## Aim of the task
Could you restate the data below word for word, without its pictures?

## Information supplied

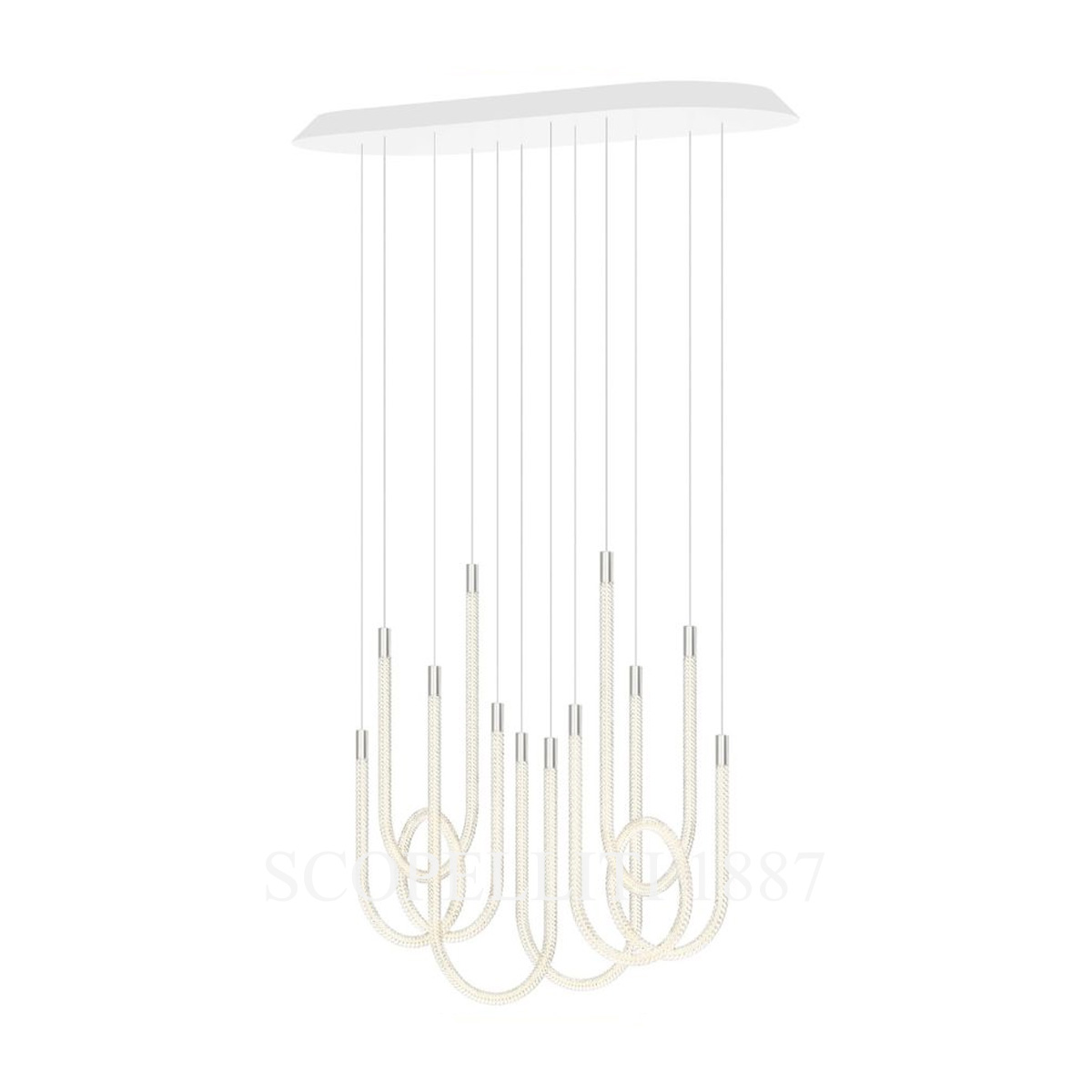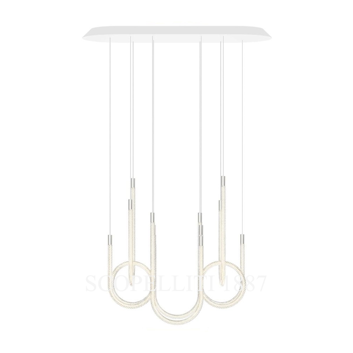 The Saint Louis Torsade 6 Light Pendant Tall is an exquisite lighting fixture that unites modern elegance with the mastery of French crystal craftsmanship. Its twisted crystal arms, arranged in U-shaped or looped forms, create a dynamic and captivating visual display. Enhanced with advanced LED technology, the pendant’s brushed silver-colored aluminum accents on end caps, hooks, and dimmers add a contemporary touch. Suspended on durable metal-sheathed cables, this tall pendant ensures both elegance and stability. Fully dimmable from 0 to 100%, it allows you to customize the ambiance for any occasion, making it ideal for intimate spaces or above low tables. The Torsade 6 Light Pendant Tall harmonizes functionality and sophistication, becoming a focal point in any refined interior.
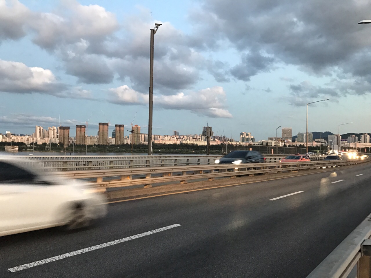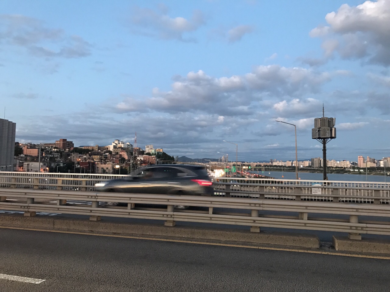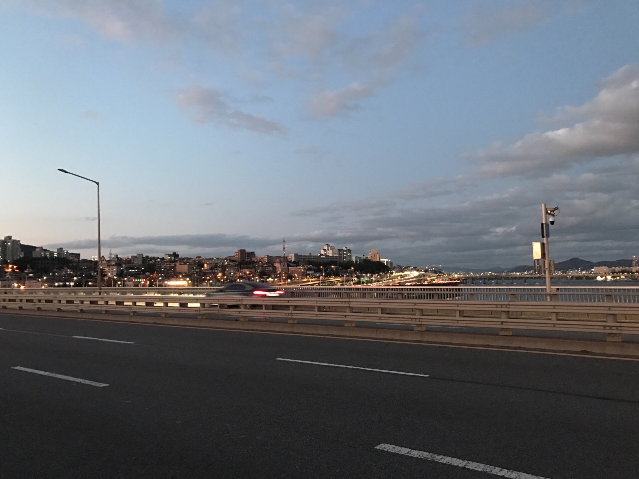 ...,没看到,不过上桥还是很不错的,有专门的人行道,看到汉江,很宽,去的时候正好是傍晚时分,很好玩本来是去看喷泉的,结果好像只有78月份才有,没看到,不过上桥还是很不错的,有专门的人行道,看到汉江,很宽,去的时候正好是傍晚时分,很好玩。
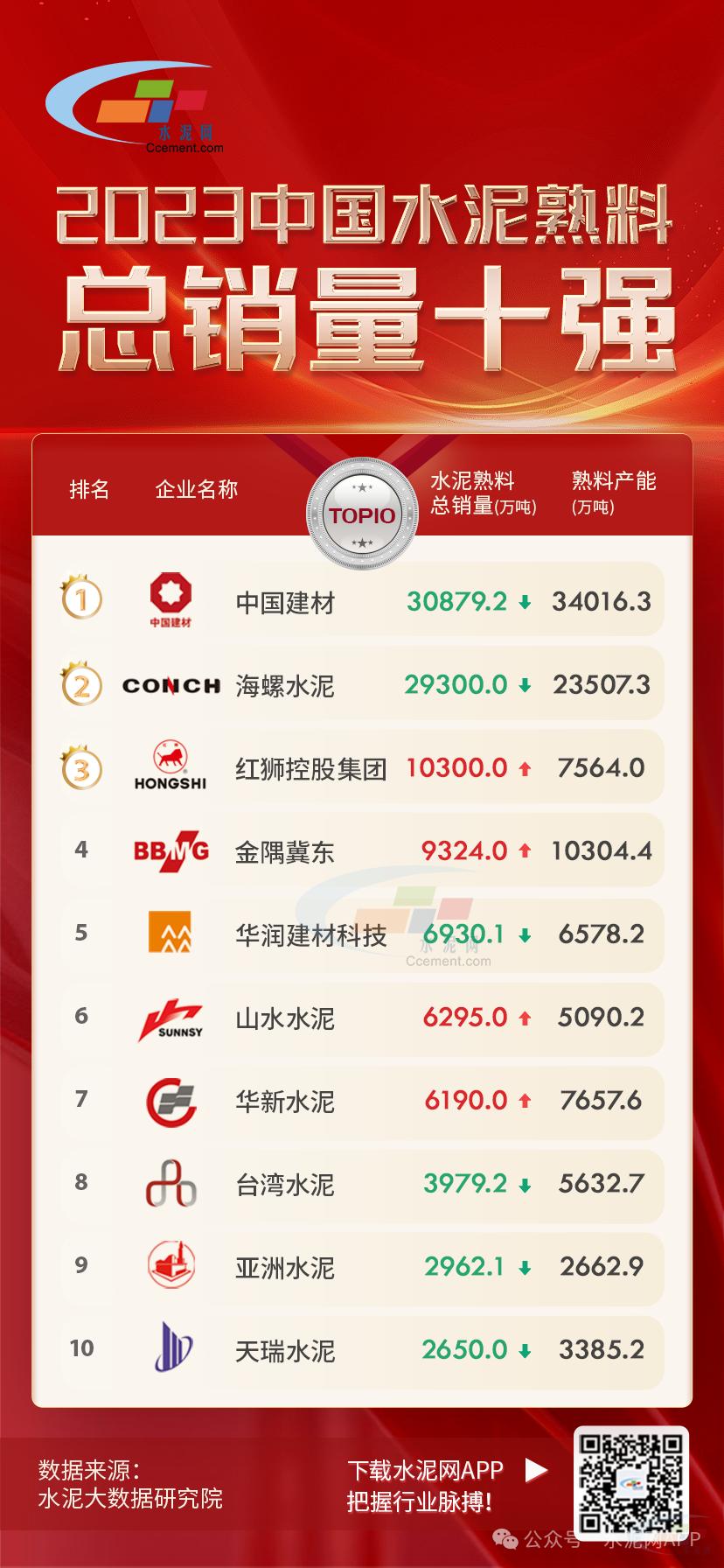 日前,中國水泥網發(fā)布2023年中國水泥熟料總銷量TOP10排行榜。

## Solution for this problem
 The Saint Louis Torsade 6 Light Pendant Tall is an exquisite lighting fixture that unites modern elegance with the mastery of French crystal craftsmanship. Its twisted crystal arms, arranged in U-shaped or looped forms, create a dynamic and captivating visual display. Enhanced with advanced LED technology, the pendant’s brushed silver-colored aluminum accents on end caps, hooks, and dimmers add a contemporary touch. Suspended on durable metal-sheathed cables, this tall pendant ensures both elegance and stability. Fully dimmable from 0 to 100%, it allows you to customize the ambiance for any occasion, making it ideal for intimate spaces or above low tables. The Torsade 6 Light Pendant Tall harmonizes functionality and sophistication, becoming a focal point in any refined interior.
 ...,没看到,不过上桥还是很不错的,有专门的人行道,看到汉江,很宽,去的时候正好是傍晚时分,很好玩本来是去看喷泉的,结果好像只有78月份才有,没看到,不过上桥还是很不错的,有专门的人行道,看到汉江,很宽,去的时候正好是傍晚时分,很好玩。
 日前,中國水泥網發(fā)布2023年中國水泥熟料總銷量TOP10排行榜。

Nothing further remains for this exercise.